• _WHAT IS NEEDED_: Below this sentence is a listing; return exactly its lines from the one with "Kit de point" to the one with "[Carta] 1970 marzo", both kept, and nothing more.

• _AVAILABLE RECORDS_:

-- Opening Marker --

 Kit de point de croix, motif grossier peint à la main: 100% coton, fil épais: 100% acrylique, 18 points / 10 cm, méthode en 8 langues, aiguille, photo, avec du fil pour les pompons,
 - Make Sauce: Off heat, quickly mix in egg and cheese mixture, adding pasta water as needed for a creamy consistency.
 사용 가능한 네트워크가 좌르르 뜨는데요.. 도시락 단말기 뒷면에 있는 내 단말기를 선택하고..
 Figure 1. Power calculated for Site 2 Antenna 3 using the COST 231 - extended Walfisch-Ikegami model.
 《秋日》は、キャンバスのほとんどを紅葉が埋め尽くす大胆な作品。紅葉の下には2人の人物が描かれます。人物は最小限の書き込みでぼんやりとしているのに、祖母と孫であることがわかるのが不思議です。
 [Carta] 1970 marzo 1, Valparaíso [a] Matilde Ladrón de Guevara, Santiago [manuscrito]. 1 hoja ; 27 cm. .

-- Closing Marker --
-- Opening Marker --

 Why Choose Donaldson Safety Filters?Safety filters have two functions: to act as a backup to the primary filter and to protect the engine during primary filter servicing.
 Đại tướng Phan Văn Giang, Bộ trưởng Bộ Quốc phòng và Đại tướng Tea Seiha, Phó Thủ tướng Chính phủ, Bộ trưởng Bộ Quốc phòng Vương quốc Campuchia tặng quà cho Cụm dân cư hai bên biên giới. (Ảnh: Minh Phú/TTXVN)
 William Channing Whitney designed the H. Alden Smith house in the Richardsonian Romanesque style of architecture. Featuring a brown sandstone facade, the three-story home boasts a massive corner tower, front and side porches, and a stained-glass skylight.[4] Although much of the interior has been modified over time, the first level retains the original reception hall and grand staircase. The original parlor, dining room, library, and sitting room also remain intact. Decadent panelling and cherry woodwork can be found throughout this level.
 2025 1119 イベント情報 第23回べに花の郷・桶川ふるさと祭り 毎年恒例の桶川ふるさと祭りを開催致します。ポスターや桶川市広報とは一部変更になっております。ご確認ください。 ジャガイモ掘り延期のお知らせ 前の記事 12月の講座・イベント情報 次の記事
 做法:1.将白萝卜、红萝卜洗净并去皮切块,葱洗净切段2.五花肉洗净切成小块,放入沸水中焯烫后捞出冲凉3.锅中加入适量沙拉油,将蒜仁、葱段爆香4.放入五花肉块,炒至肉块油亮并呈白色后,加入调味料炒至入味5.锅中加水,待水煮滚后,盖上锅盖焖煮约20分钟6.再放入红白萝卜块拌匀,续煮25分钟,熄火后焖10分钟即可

-- Closing Marker --
-- Opening Marker --

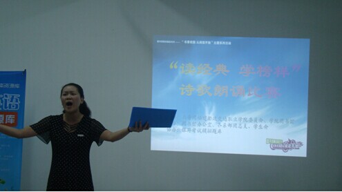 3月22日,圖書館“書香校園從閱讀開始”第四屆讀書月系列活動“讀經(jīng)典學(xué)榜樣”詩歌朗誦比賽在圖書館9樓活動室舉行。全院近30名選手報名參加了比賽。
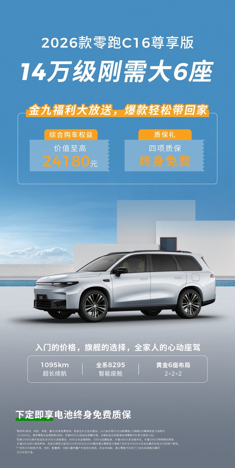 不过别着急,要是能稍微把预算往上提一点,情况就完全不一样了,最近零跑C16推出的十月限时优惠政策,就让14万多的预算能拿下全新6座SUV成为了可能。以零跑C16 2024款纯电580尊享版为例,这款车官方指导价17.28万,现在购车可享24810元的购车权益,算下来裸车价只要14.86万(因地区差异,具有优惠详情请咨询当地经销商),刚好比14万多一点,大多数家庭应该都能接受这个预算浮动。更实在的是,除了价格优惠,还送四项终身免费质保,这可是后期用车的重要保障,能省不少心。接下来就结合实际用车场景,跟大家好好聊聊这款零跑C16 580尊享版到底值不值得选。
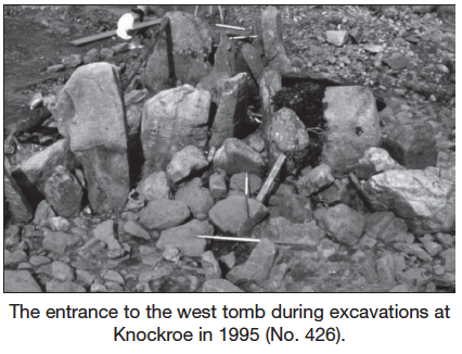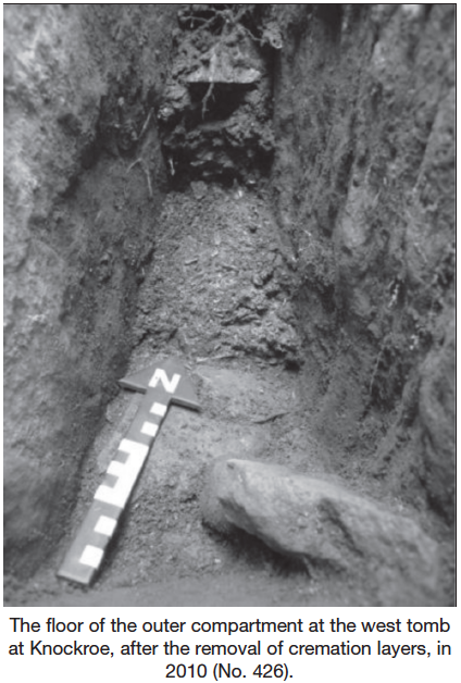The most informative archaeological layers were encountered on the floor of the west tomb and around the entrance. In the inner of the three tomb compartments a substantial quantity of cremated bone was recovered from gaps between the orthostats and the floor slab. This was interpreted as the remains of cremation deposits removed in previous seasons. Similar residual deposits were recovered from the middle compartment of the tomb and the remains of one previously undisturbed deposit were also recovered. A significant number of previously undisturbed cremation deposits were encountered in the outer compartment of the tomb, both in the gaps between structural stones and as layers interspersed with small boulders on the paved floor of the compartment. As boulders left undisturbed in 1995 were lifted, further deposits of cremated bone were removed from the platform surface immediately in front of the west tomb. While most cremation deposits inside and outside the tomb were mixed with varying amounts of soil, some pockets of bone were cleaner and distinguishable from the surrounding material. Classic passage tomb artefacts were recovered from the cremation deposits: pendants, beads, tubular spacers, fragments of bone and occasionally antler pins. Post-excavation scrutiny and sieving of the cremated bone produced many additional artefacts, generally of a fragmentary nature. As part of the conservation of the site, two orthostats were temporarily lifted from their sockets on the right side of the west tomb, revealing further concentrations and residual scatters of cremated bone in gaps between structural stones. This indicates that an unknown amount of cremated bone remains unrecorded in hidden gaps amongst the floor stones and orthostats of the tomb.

-- Closing Marker --

• _EXPECTED ANSWER_:
 Kit de point de croix, motif grossier peint à la main: 100% coton, fil épais: 100% acrylique, 18 points / 10 cm, méthode en 8 langues, aiguille, photo, avec du fil pour les pompons,
 - Make Sauce: Off heat, quickly mix in egg and cheese mixture, adding pasta water as needed for a creamy consistency.
 사용 가능한 네트워크가 좌르르 뜨는데요.. 도시락 단말기 뒷면에 있는 내 단말기를 선택하고..
 Figure 1. Power calculated for Site 2 Antenna 3 using the COST 231 - extended Walfisch-Ikegami model.
 《秋日》は、キャンバスのほとんどを紅葉が埋め尽くす大胆な作品。紅葉の下には2人の人物が描かれます。人物は最小限の書き込みでぼんやりとしているのに、祖母と孫であることがわかるのが不思議です。
 [Carta] 1970 marzo 1, Valparaíso [a] Matilde Ladrón de Guevara, Santiago [manuscrito]. 1 hoja ; 27 cm. .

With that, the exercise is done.